→ Instructions for the task: The records below must be returned exactly, with every picture left out.

→ Record extracts:
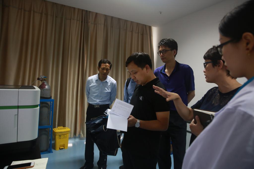专家组一行首先现场考察了武当特色中药研究湖北省重点实验室,参观了百草园,考察了科教楼8层、10层科研平台,重点查看了实验室硬件建设,以及仪器使用记录等。
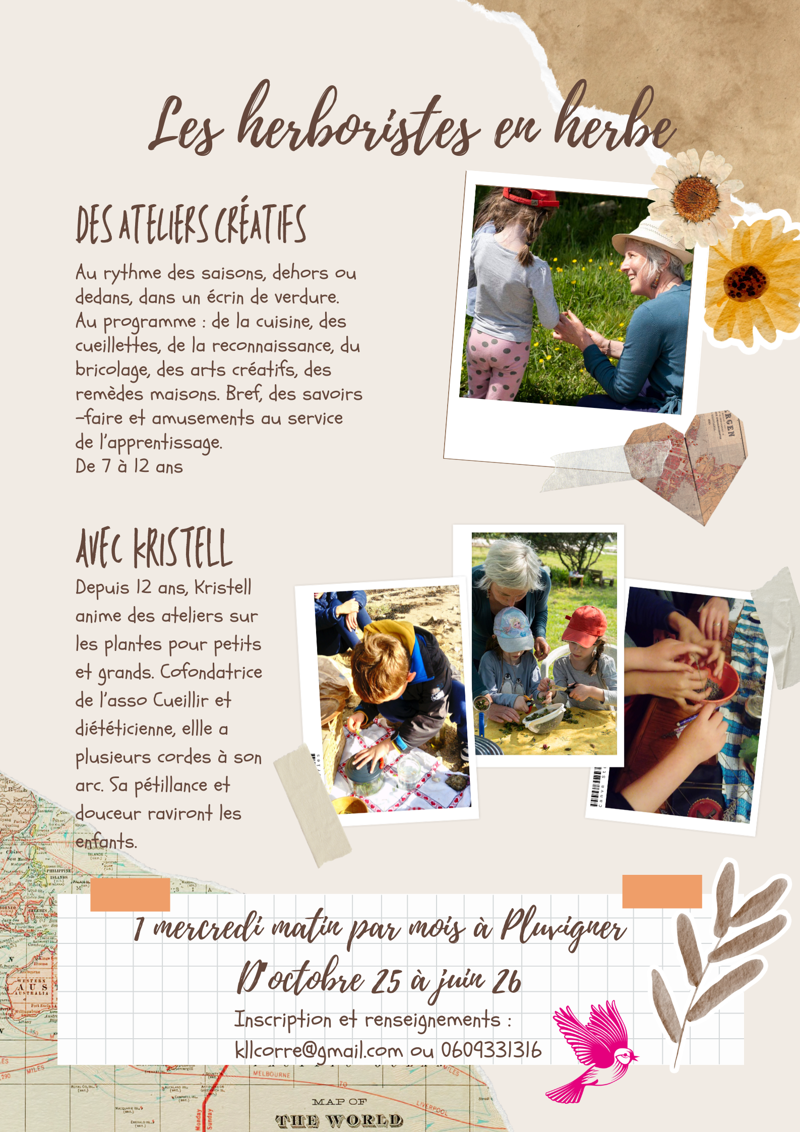 Un cycle d'ateliers à l'année pour les enfants de 7 à 11 ans où l'on va bricoler, faire de la cuisine, apprendre à reconnaître les plantes au rythme des saisons, faire des créations nature.
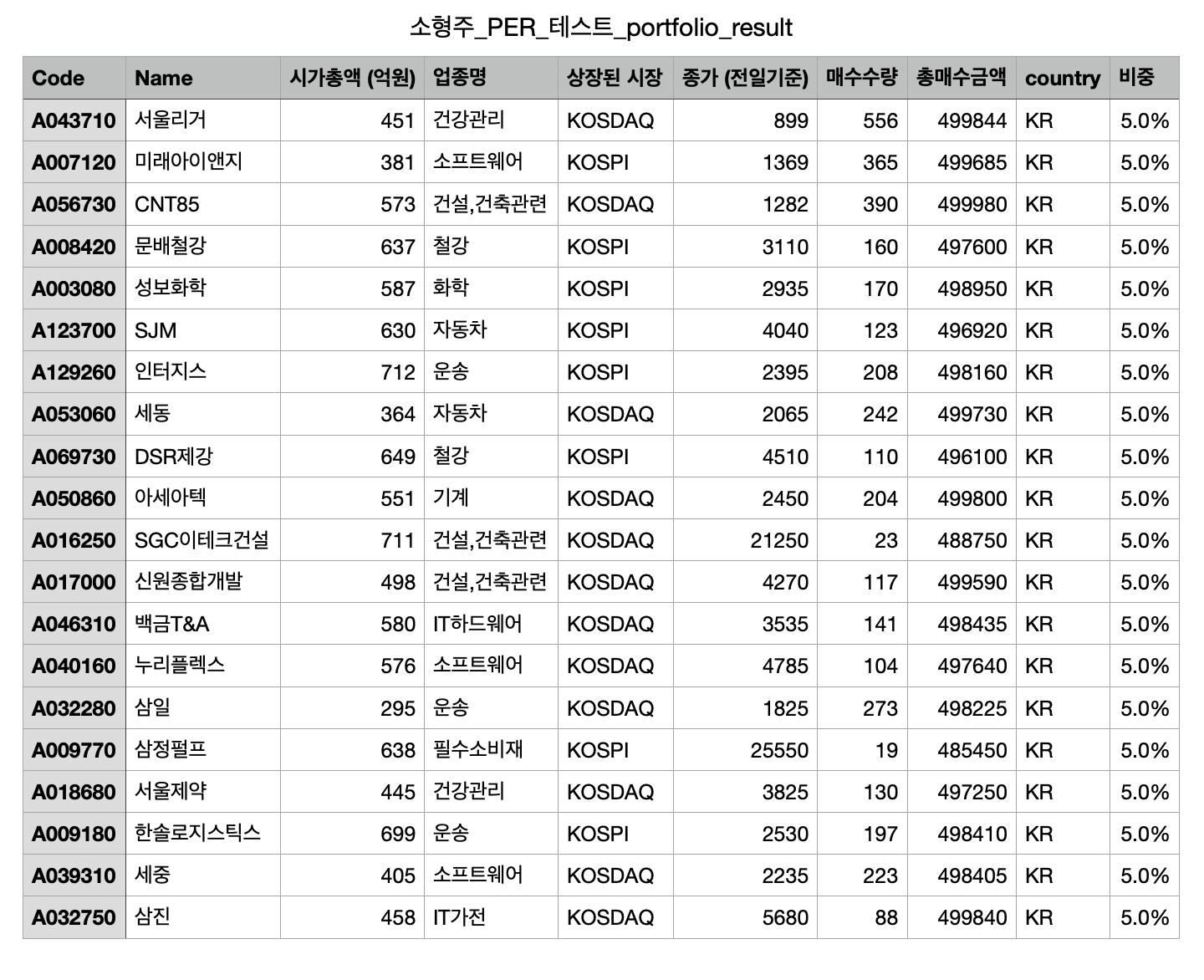 추가로, 위에서 테스트한 종목들을 추출하려면 포트폴리오 추출을 하면 되는데,
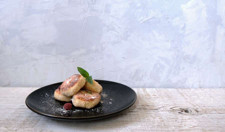 Cottage cheese fritters on ceramic plate on concrete background. Healthy calcium breakfast, lunch or snack. traditional russian food. close up
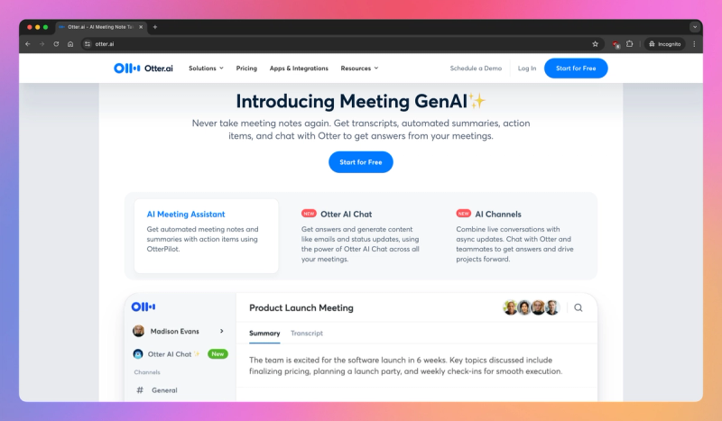 Otter AI — популярный сервис автоматической транскрибации, известный своей транскрипцией встреч в реальном времени и возможностями для совместной работы. Будучи одним из первых лидеров в области ИИ-конспектирования для встреч, его понятный интерфейс и интеграция с Zoom/Teams делают его идеальным выбором, когда вам нужны мгновенные заметки о встречах. Отличительной особенностью сервиса является его ИИ-помощник для встреч, способный автоматически присоединяться к виртуальным встречам для их транскрибирования в реальном времени, создавать резюме под названием «Жемчужины встречи» и идентифицировать докладчиков. Этот инструмент обеспечивает кроссплатформенную доступность (веб, мобильные устройства), функции совместной работы, такие как общие транскрипты и комментирование, и ориентирован конкретно на транскрипцию на английском языке (США/Великобритания) с живым переводом. Интеграция с календарем позволяет боту автоматически присоединяться к запланированным встречам, гарантируя, что вы зафиксируете каждый звонок.

→ Your solution:
专家组一行首先现场考察了武当特色中药研究湖北省重点实验室,参观了百草园,考察了科教楼8层、10层科研平台,重点查看了实验室硬件建设,以及仪器使用记录等。
 Un cycle d'ateliers à l'année pour les enfants de 7 à 11 ans où l'on va bricoler, faire de la cuisine, apprendre à reconnaître les plantes au rythme des saisons, faire des créations nature.
 추가로, 위에서 테스트한 종목들을 추출하려면 포트폴리오 추출을 하면 되는데,
 Cottage cheese fritters on ceramic plate on concrete background. Healthy calcium breakfast, lunch or snack. traditional russian food. close up
 Otter AI — популярный сервис автоматической транскрибации, известный своей транскрипцией встреч в реальном времени и возможностями для совместной работы. Будучи одним из первых лидеров в области ИИ-конспектирования для встреч, его понятный интерфейс и интеграция с Zoom/Teams делают его идеальным выбором, когда вам нужны мгновенные заметки о встречах. Отличительной особенностью сервиса является его ИИ-помощник для встреч, способный автоматически присоединяться к виртуальным встречам для их транскрибирования в реальном времени, создавать резюме под названием «Жемчужины встречи» и идентифицировать докладчиков. Этот инструмент обеспечивает кроссплатформенную доступность (веб, мобильные устройства), функции совместной работы, такие как общие транскрипты и комментирование, и ориентирован конкретно на транскрипцию на английском языке (США/Великобритания) с живым переводом. Интеграция с календарем позволяет боту автоматически присоединяться к запланированным встречам, гарантируя, что вы зафиксируете каждый звонок.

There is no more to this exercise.